Как и условились, Баст ждал провожатых в хижине немого старика до заката. От холода, изо рта при дыхании выходил пар. А вокруг — пронзительная тишина, какая бывает только в горах. Тишина, холод, снег на склонах высоких гор и наливающееся глубокой синью близкое небо…

Вполне "насладившись" горным пейзажем, красоты невероятной, Шаунбург ушел в лачугу, помог старику развести огонь в очаге, а остаток дня провел перебирая в памяти счастливые минуты прошлого, и рассматривая язычки пламени, играющего с коротенькими кривыми полешками. Как ни странно, Шаунбург редко вспоминал свое настоящее прошлое, то есть, жизнь доктора медицины Олега Ицковича. И более того, чем дальше от момента "перехода", тем менее эмоционально значимыми становились посещавшие его порой воспоминания. Словно бы действовал неизвестного происхождения "наркоз", не позволявший болеть душевным ранам.

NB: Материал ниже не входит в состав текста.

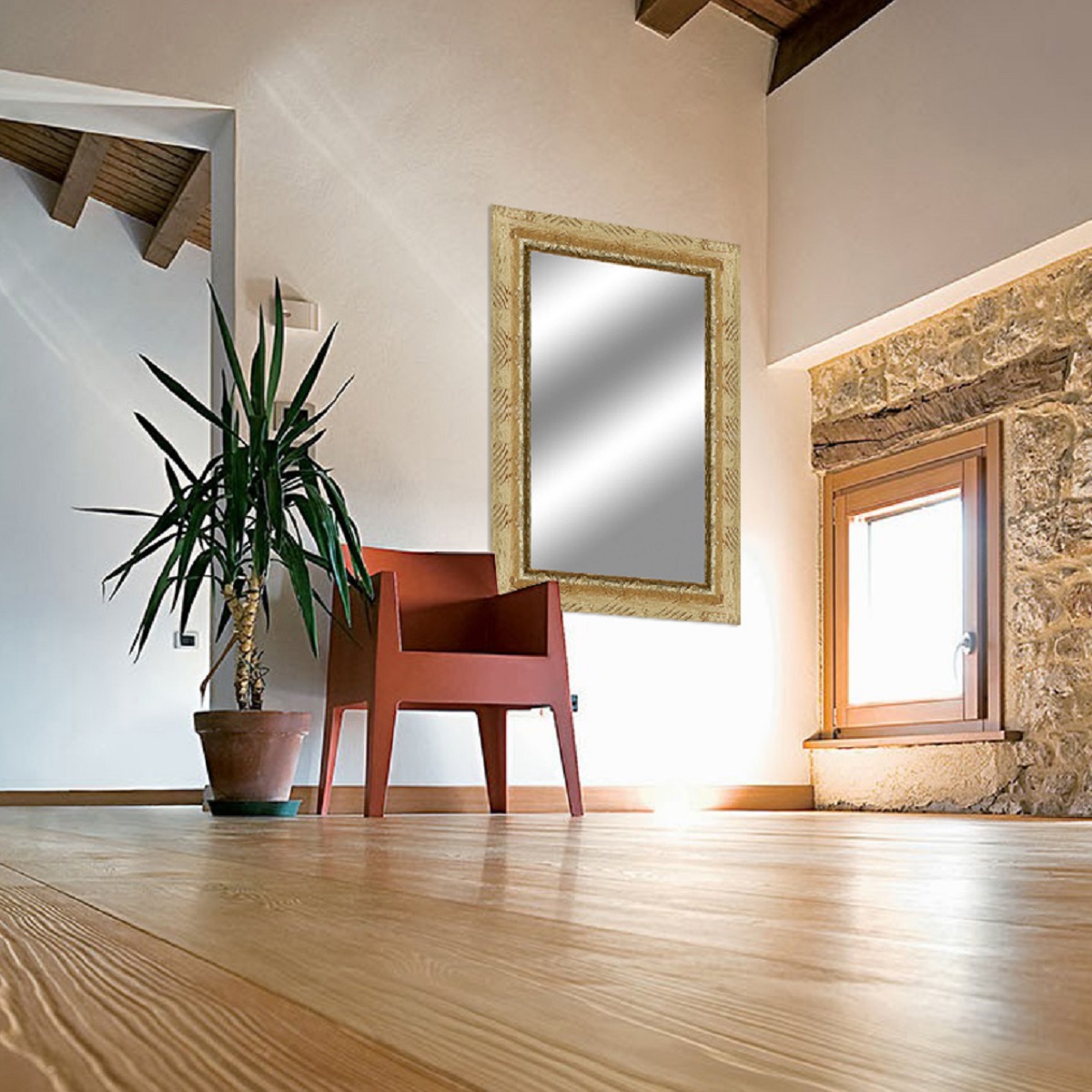 Con una dimensione di 98x138 cm, lo specchio dalla forma rettangolare Medea è un vero must have per vivacizzare gli ambienti e renderla ancora più confortevoli. Grazie alla finitura rétro e alla linea neoclassica questo specchio conferirà un fascino ineguagliabile agli interni della casa.. Il rivestimento in legno della cornice di questo specchio infonderà calore e naturalezza. Questo specchio a figura intera presenta uno schienale in MDF, e richiede un'installazione a parete in senso verticale.. Il materiale necessario al montaggio dello specchio deve essere acquistato a parte. Si tratta di un prodotto realizzato in Italia.

"Или транквилизатор… Возможно".

Но, так или иначе, то, что могло бы стать постоянной, — никак и ничем не исцеляемой, — душевной мукой, ничем таким не стало. События остались, а эмоции притупились, выдохлись, превратив живые воспоминания в перечни сухих фактов, не тревожащих душу, не касающихся сердца. И, судя по некоторым признакам, такое происходило не только Шаунбургом. У всех остальных тоже что-то похожее, "мимолетное" в разговорах сквозило. Однако прямо на эту тему никто не заговаривал, и это, если разобраться, тоже интересный симптом.

Нынешняя жизнь воспринималась и ощущалась именно как жизнь со всеми своими красками, соками, вкусом и животной силой. Потому, быть может, и чувства казались здесь более сильными и яркими, и воспоминания — способными свести с ума.

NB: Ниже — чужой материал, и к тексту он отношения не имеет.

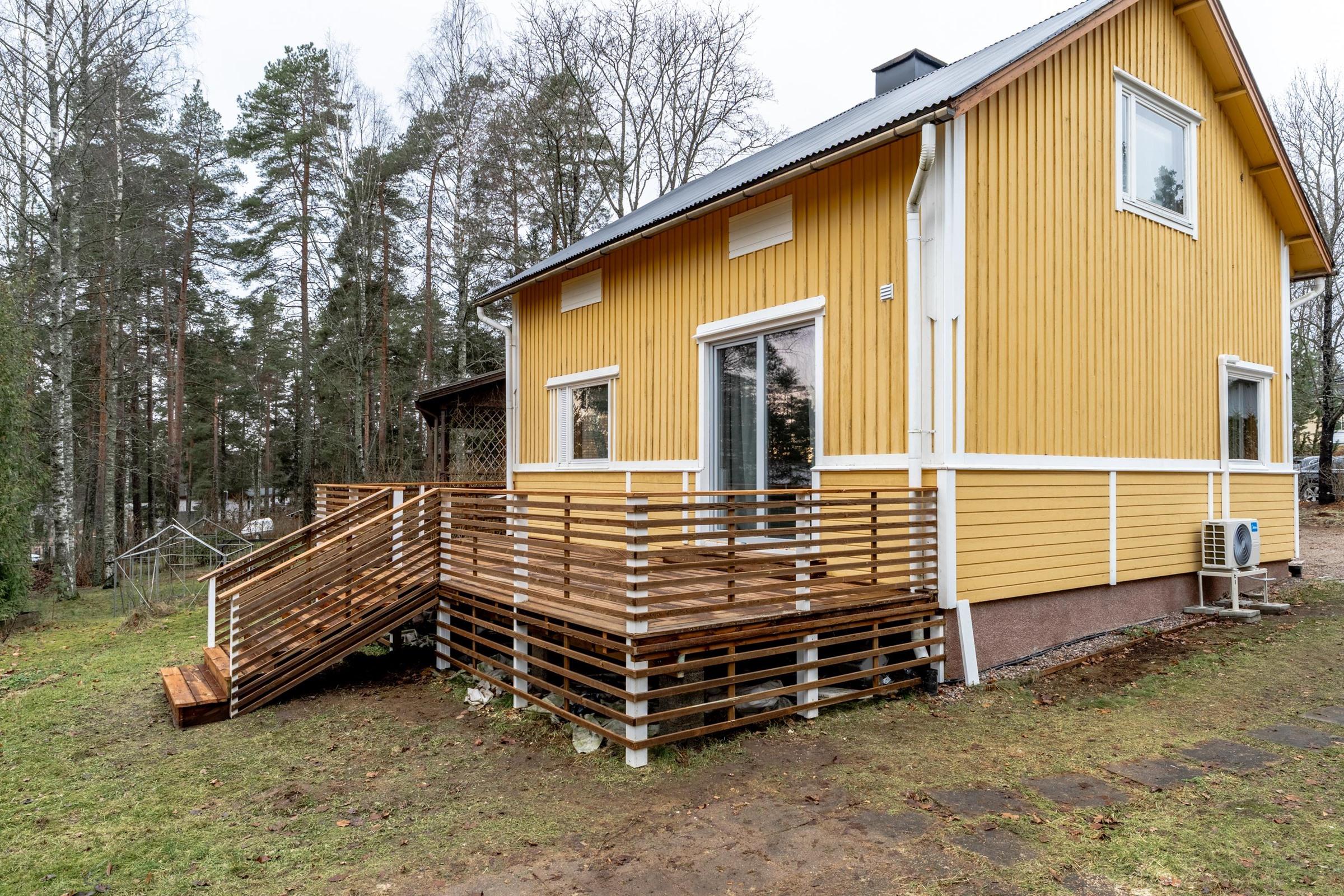- 85 m2Rakennuksesta ei aikakaudelle tyypilliseen tapaan ole saatavilla rakennuslupadokumentteja eikä loppukatselmus- tai muita katselmuspöytäkirjoja. Tämän vuoksi esitteen pinta-alatiedot voivat poiketa todellisesta. Esitteellä olevat tiedot pinta-alasta perustuvat nykyiseltä omistajalta saatuihin tietoihin.

День прошел, как не было. Стемнело. И тогда они наконец появились, — три высокие тёмные фигуры с винтовками за плечами и гномьими капюшонами на головах.

— Зовите меня Ягито. — На сносном французском сказал один из вошедших. — У остальных нет имён… никаких.

И они вышли в ночь.

* * *

Когда четыре дня назад полковник Фернандес предложил Басту помощь, Шаунбург не медлил ни минуты. То есть, — нет, не так. Он помедлил ровно столько, сколько понадобилось, чтобы трезво оценить предложение — всего несколько минут — и принял решение — рискнуть.

"Кто не рискует, тот не пьет шампанское, не так ли герр риттер?"

Но, решившись, Шаунбург действительно уже не медлил.

За четыре дня он вполне подготовил сцену "исчезновения", решив все неотложные дела по службе, заготовив впрок статью, которая уйдет с почты через три дня после его отъезда, и обосновал в глазах немногочисленных заинтересованных лиц свою "тяжелую болезнь" демонстрацией недвусмысленных симптомов. Но не только. Между делом — то есть где-то между легальных и нелегальных дел штурмбанфюрера Шаунбурга — ему удалось послать три телеграммы в Париж и Брюссель и сделать один важный звонок по телефону жене в их имение VogelhЭgel. Вильда и еще один из адресатов ответили короткими телеграммами, пришедшими почти одновременно, как раз накануне отъезда, и теперь Басту оставалось лишь надеяться, что он все сделал правильно.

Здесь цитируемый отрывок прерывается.